In my childlike mind I envisioned sugar, which they were using to bake some type of meal at home. But I quickly dismissed this theory because why didn’t they just go to the grocery store. The grocery store had way more sugar than my brother was offering. It also was a hell of a lot cheaper than my brother was charging. I couldn’t understand for the life of me why they were spending ten to twenty dollars on something so small. There was one thing for certain, people went crazy for it. People would sometimes seal their purchase and snort the powder standing right there. That’s something that shocked me; they would snort this stuff and even rub the leftover residue across their gums.

By the end of the day, my brother would reach into his pocket and pull out a wad of cash. Watching all this money really sparked my interest. It seemed like he would be counting money for hours. I knew in that moment what I wanted to do in life. I wanted to sell to people whatever it was my brother was selling. You see my father was never around, and my mother was a waitress at a diner. She would come home from work as well with a wad of cash. Only her stack was a lot smaller in size than my brother’s. What was odd, is that when my brother would hear our mother outside, he would gather his belongings in a hurry. He grabbed the baggies, a small scale, a tiny scupper, a credit card, and an even bigger bag of white powder.

“Why would he run,” I thought to myself. Mother would be so grateful if she knew how much money he was making. I mean, she struggled raising the two of us, how could he be so ashamed to let her in on his new found wealth. Something struck me as odd after he would take his belongings into his room. Right before our mother would open the door, he use to put one finger to his lip, “Shhhhh, you didn’t see nothing, ok.” “Keep quiet about what you saw, and I’ll take you for some ice cream.”

That’s all I needed to hear from my big brother was that we were going for some ice cream. I never understood why he didn’t want me to say anything, but who cared. All I could think about once he said that was cookies and cream. There was nothing better than cookies and cream with my brother. Mom would walk into the house, and give a keen stare at my brother. “Have been out looking for a job today?” “Been looking all day, and couldn’t find nothing,” he would reply. I wanted to say so bad, “You do have a job.” “What about all the customers who buy your nose sugar?” Yet something kept me from saying it, maybe it was from the promise of cookies and cream ice cream.

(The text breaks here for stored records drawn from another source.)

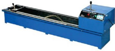
Ductility Testing Apparatus
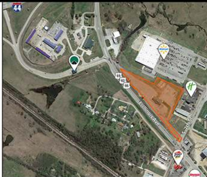
945 E. Illinois Ave., Vinita, OK
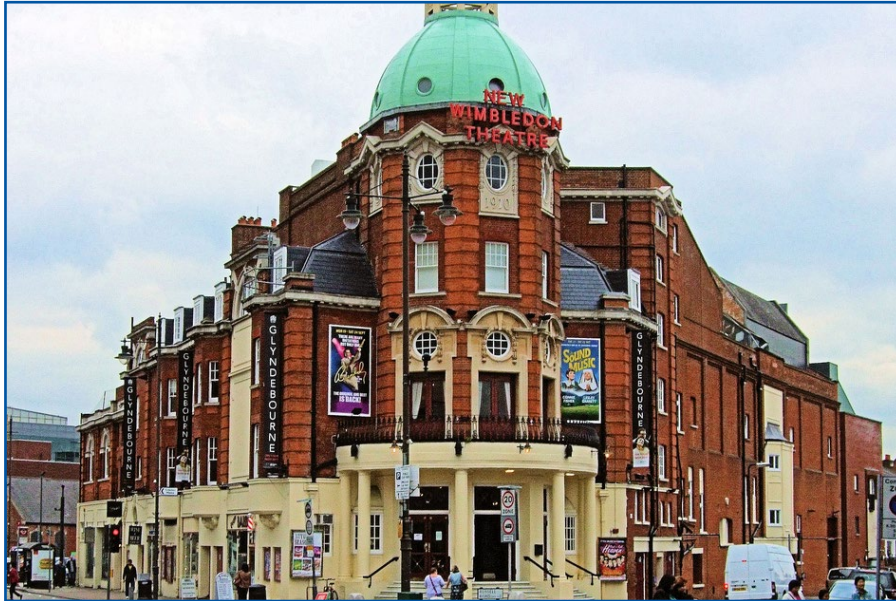
New Wimbledon Theatre, Wimbledon High Street
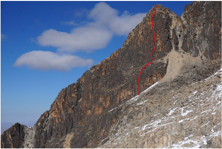
The lower south summit of Pico Milluni with Ruta de los Vikingos; the descent was by the obvious gully system to the right. Part of the higher south summit, climbed on this side by the Black Condor, is visible at right.
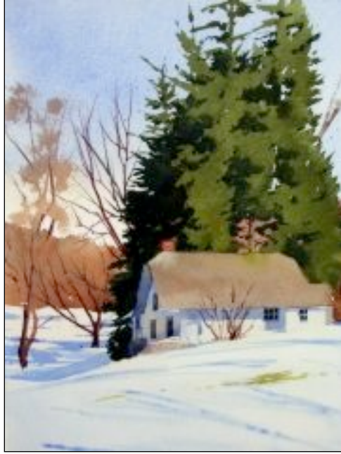
"Mill in Winter"
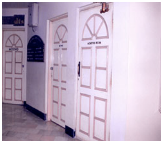
Classic Bollywood "old world" charm – Monogrammed Mixing, Editing and Monitoring Room doors within Mumbai's famous Empire Studio's Building
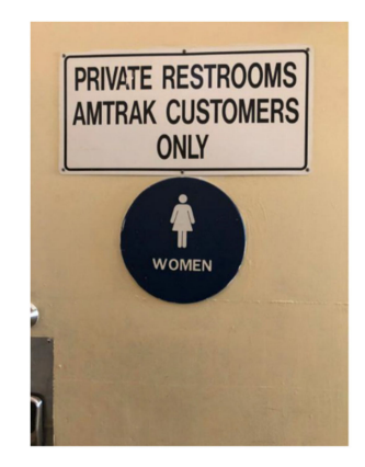
Figure 2. Location, Date: Downtown San Diego, 28/08/2018. Image Description: Close-up photo of a bathroom door at a train station; sign on door reads "Private Restrooms Amtrak Customers Only". "You can't [use the bathroom] unless you have a [train] ticket".—Quotation from SHOWeD session.
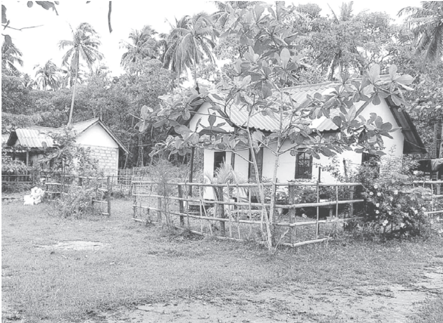
Bungalows on Pulonetonetone beach.

Byline & Photos: Laymyethna Than Oo (MNA), Photos: Bagyi Pyae Soe Tun (Kawthoung)
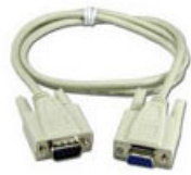
DB9 serial cable
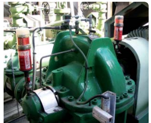
Lubrication system: 2 STAR VARIO 250 cm 3
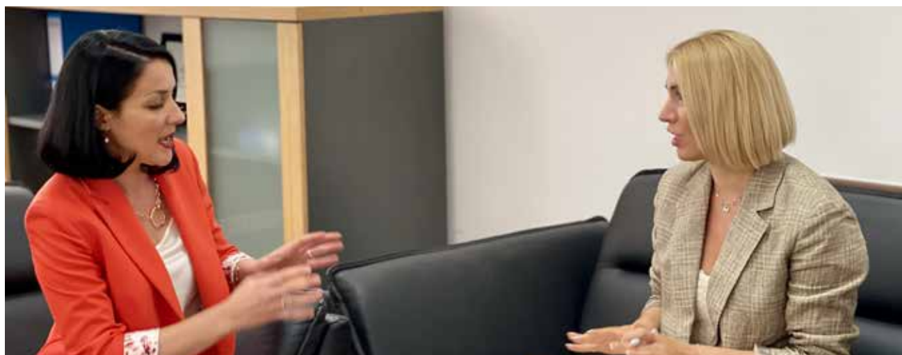
Photo 29: Meeting with the Commissioner of the Information and Privacy Agency

During August, CiviKos continued meetings with the Commissioner of the Information and Privacy Agency, Mrs. Krenare Sogojeva Dermaku, to intensify cooperation in order to promote the implementation of the Law on Personal Data Protection, address the lack of access to NGOs to public information by public institutions, and establish a system for monitoring the implementation of the Law for Access to Public Documents.
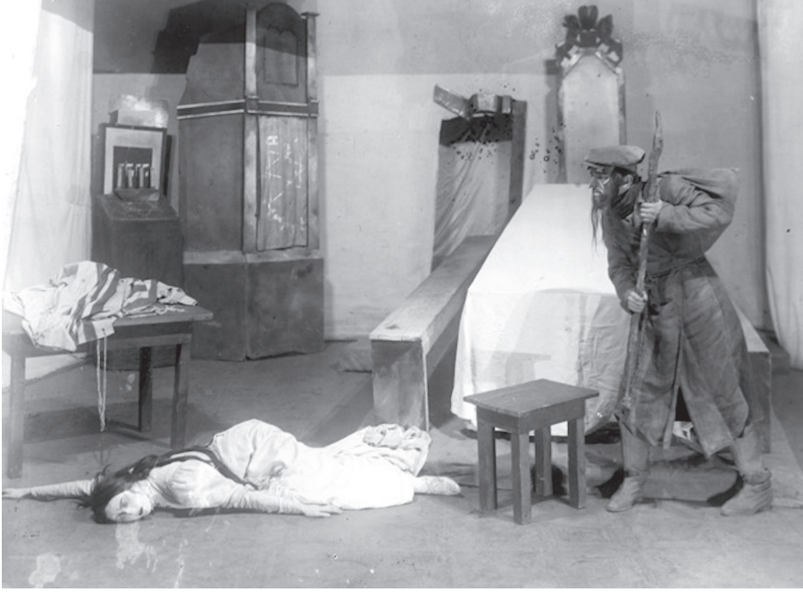
Fig. 5. Finale of act 3. Habima's The Dybbuk . Directed by Evgeny Vakhtangov. Premiere: January 31, 1922.
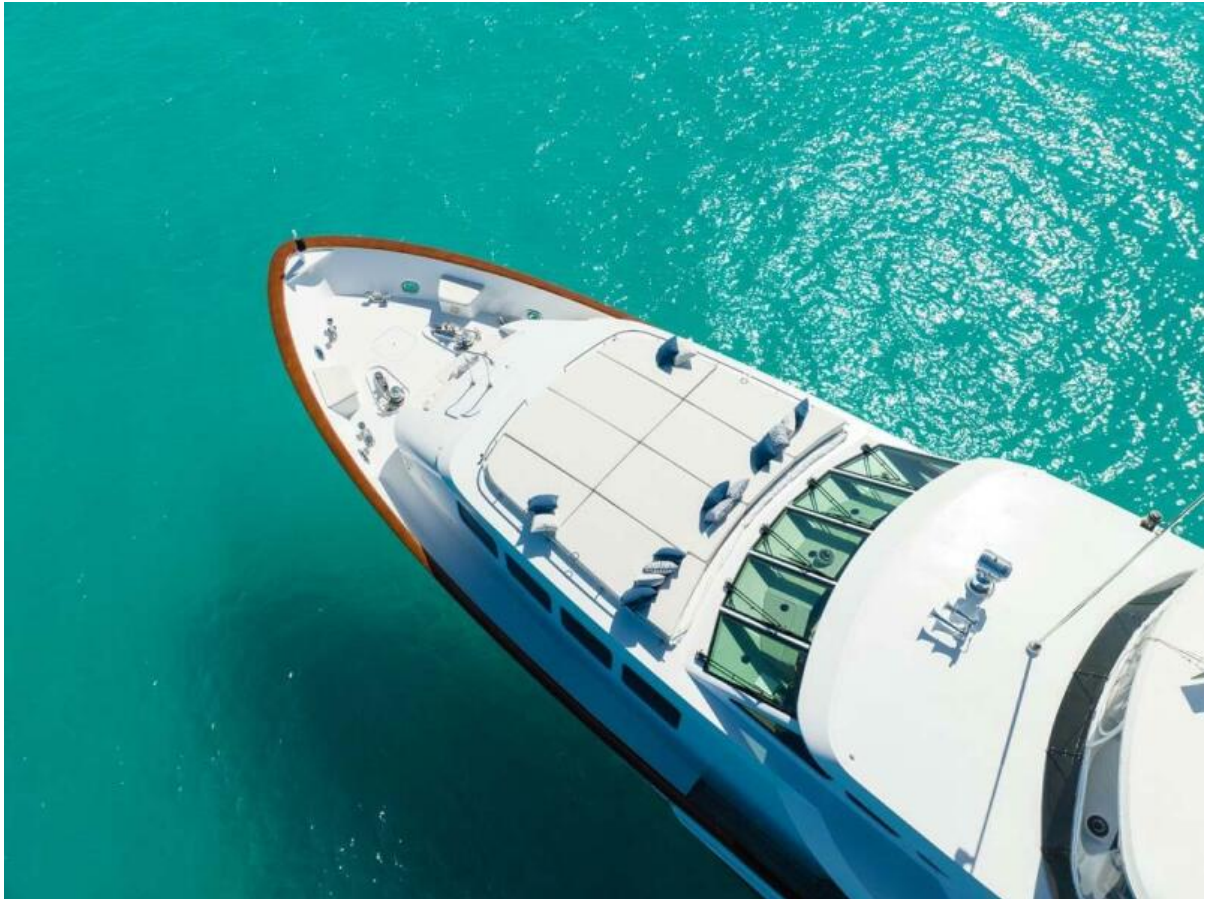
Aerial Foredeck with Huge Bunny Pad
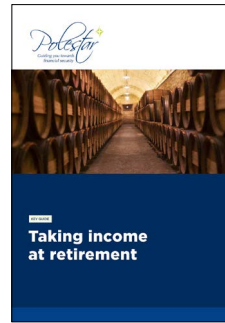
Taking income at retirement
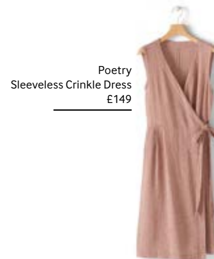
Poetry Sleeveless Crinkle Dress £149
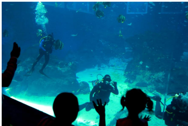
Guests waving to divers through the world's largest acrylic panel; the new Open Ocean Dive programme immerses the divers in the world's largest aquarium.
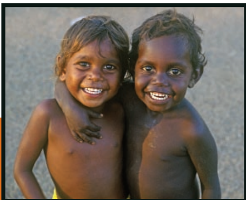
Bathurst Island, 2004.

The main emphasis in rolling out the human rights based approach is for governments to build on already existing structures
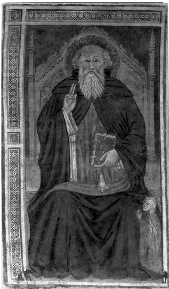
St. Anthony Abbot, one of four 14th-century frescoes from a house in Gubbio, Italy. The paintings are today in the collection of St. Paul's-Within-the-Walls, the American Episcopal Church in Rome, and were conserved for the exhibition Spellbound by Rome: The Anglo-American Community in Rome, 1890–1914 .
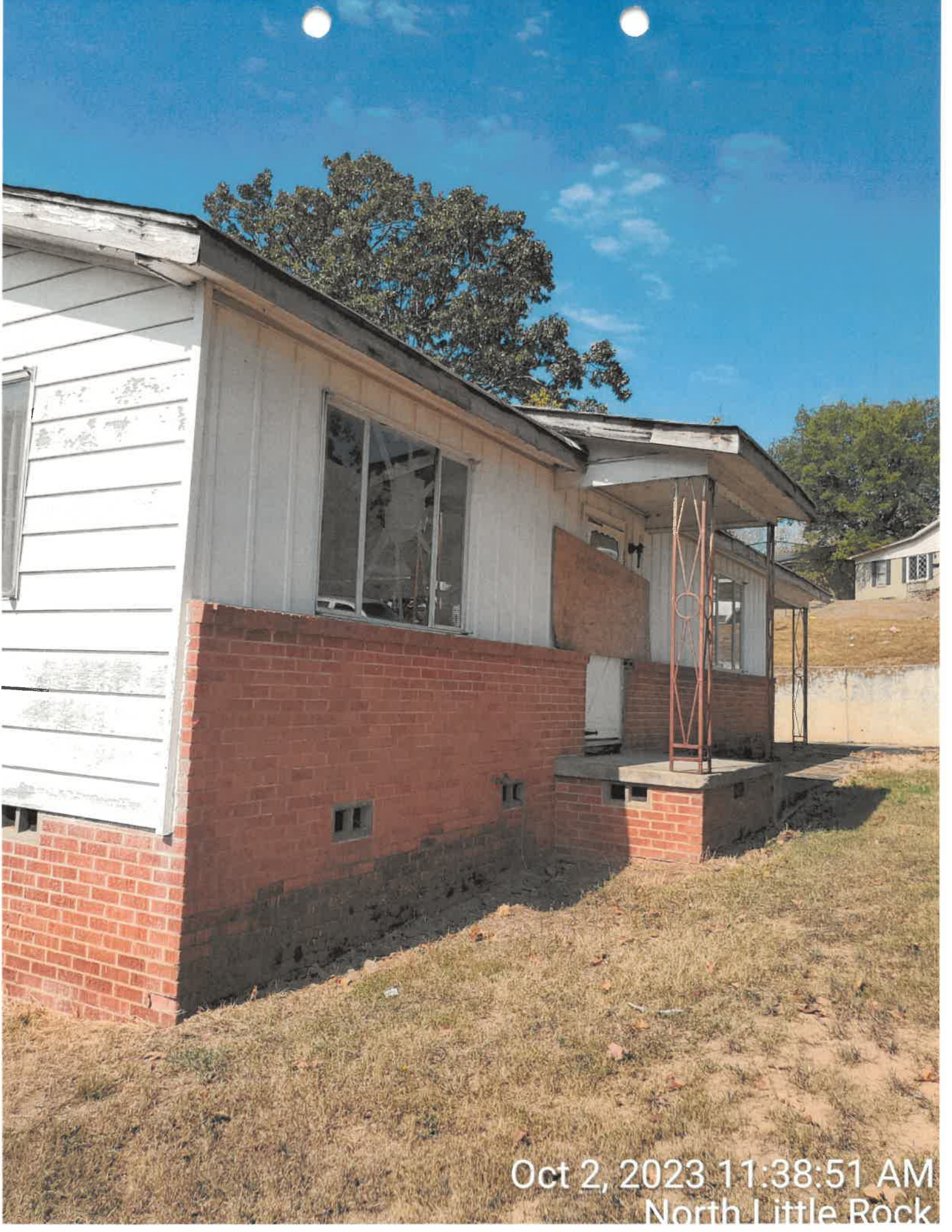
Oct 2, 2023 11:38:51 AM North Little Rock

She would walk pass the two of us, as she made her way to the bathroom. My brother would wait until she entered the bathroom and walk into his bedroom. There I would be, sitting alone on the couch, wondering what was going through my mother’s head and in my brother’s bedroom. It’s almost like they would exit the exact same time from the two rooms. My mother would give another keen look as she sat on the couch. These looks she would give him became all too routine; like she could sense the deceit. She would peer pass my brother, looking toward his room door. It’s as if she knew; she just knew he was hiding something. Which was something my mother hated, she hated lies; she hated the deceit, and she hated the betrayal.

My brother was all three rolled into one, only I didn’t see it that way. To me, he was a superhero; like in the movies or a comic strip. In my eyes, standing next to my brother, was like standing next to the President of the United States. There was nothing he could do that would upset me. This was the man who would introduce me into manhood. He is the one who taught me how to fight and how to pick up girls; how to love and how to show loyalty. I mean, who else was going to show me, not my mother. She wasn’t us, and we weren’t her, so how would she know? Who could teach her how to understand us better than my brother and I. So she did what any woman would do raising children on her own; she prayed and asked for the Lord’s guidance.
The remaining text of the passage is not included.